This is the second correspondence on last week’s Predictive Analytics World (PAW) in San Francisco. About a year and a half ago, I wrote a book review on Super Crunchers by Yale economist Ian Ayres, in which I noted that super crunching as the amalgam of predictive modeling and randomized experiments. Randomization to treatment and control groups allows investigators to minimize the risk of study bias so that the only important differences between groups out of the gate are that one is named treatment while the other is called control. Predictive modeling by itself allows analysts to infer relationships and correlation; the addition of experiments sharpens the focus to cause and effect. The combination of predictive modeling and experiments is thus a very potent tool in the business learning arsenal of hypothesize/experiment/learn.

The power of analytics plus experiments was understood well by PAW participants. Conference chair Eric Siegel noted the importance of experiments in demonstrating the value of predictive modeling, citing the oft-told story of Harrah’s Entertainment that “not using a control group” is rationale for termination. Siegel also detailed the champion/challenger experimental analogy used by enterprise decision management practitioners.

SAS’s Anne Milley improved her standing with me quite a bit with a short but incisive presentation.

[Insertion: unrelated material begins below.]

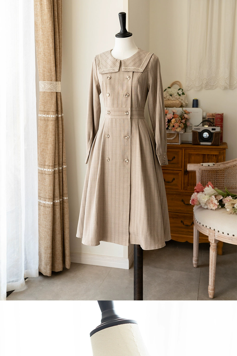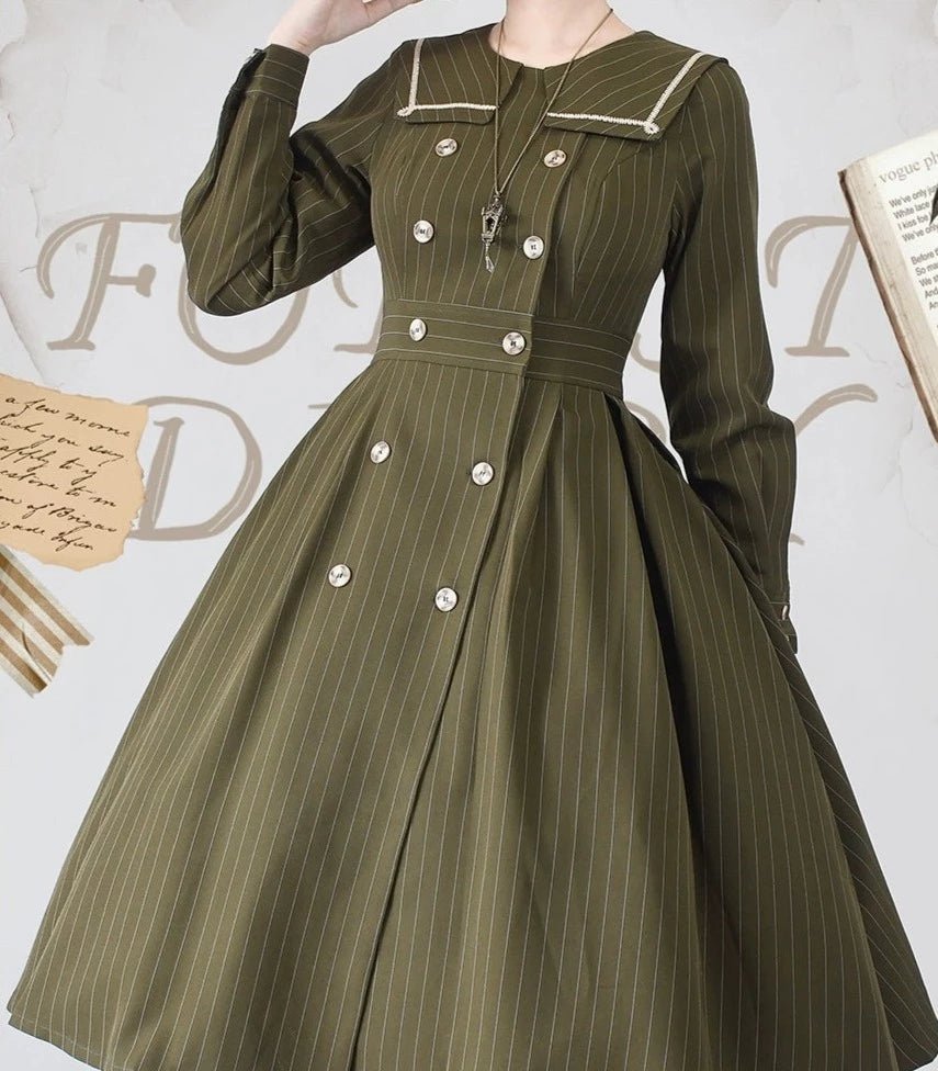 Forest Diary ストライプクラシカルコートワンピース リボンカチューシャ付き

Anne’s just now starting to get over an unfortunate remark on the risk of using the open source analytics platform R in a January NY Times article.

In this talk, she quotes Derek Bok, president of Harvard University from 1970-1991: “If you think education is expensive, try ignorance”. Anne proceeds to frame predictive analytics in a broader context of applying scientific principles to business. This framework for business analytics is one of:

  1. Observe, Define, Measure
  2. Experiment
  3. Act

She also proposes an Analytics Center of Excellence to promote dialog between producers and consumers of analytics, sagely noting that the social is every bit as important as the analytical, and that data quality is king. Sounds like someone who’s been around the modeling block more than a few times.
John McConnell of Analytical People discusses the popular CRISP-DM (CRoss-Industry Standard Process for Data Mining) methodology in his study of customer retention. The steps of the CRISP-DM feedback loop include Business Understanding, Data Understanding, Data Preparation, Modeling, Evaluation and Deployment. Randomized experiments or other rigorous designs are part and parcel of the evaluation step.

Jun Zhong, VP Targeting and Analytics, Card Services Customer Marketing, Wells Fargo, uses randomized experiments as well as propensity adjustments for his response modeling so he can distinguish re-active purchasers from pro-active and non purchasers to best allocate scarce targeting dollars.
 
Finally, Andreas Weigend, former Chief Scientist of Amazon.com is a big proponent of the scientific method for learning in business. His talk, The Unrealized Power of Data, articulated a methodology, PHAME, for measuring the power of data. Weigend’s approach,
Problem-->Hypothesis-->Action-->Metrics-->Experiments, supplements top-down problem definition, hypotheses formulation and evaluation metrics with the bottom-up performance measurement of experiments in a learning feedback loop. Tom Davenport would be proud.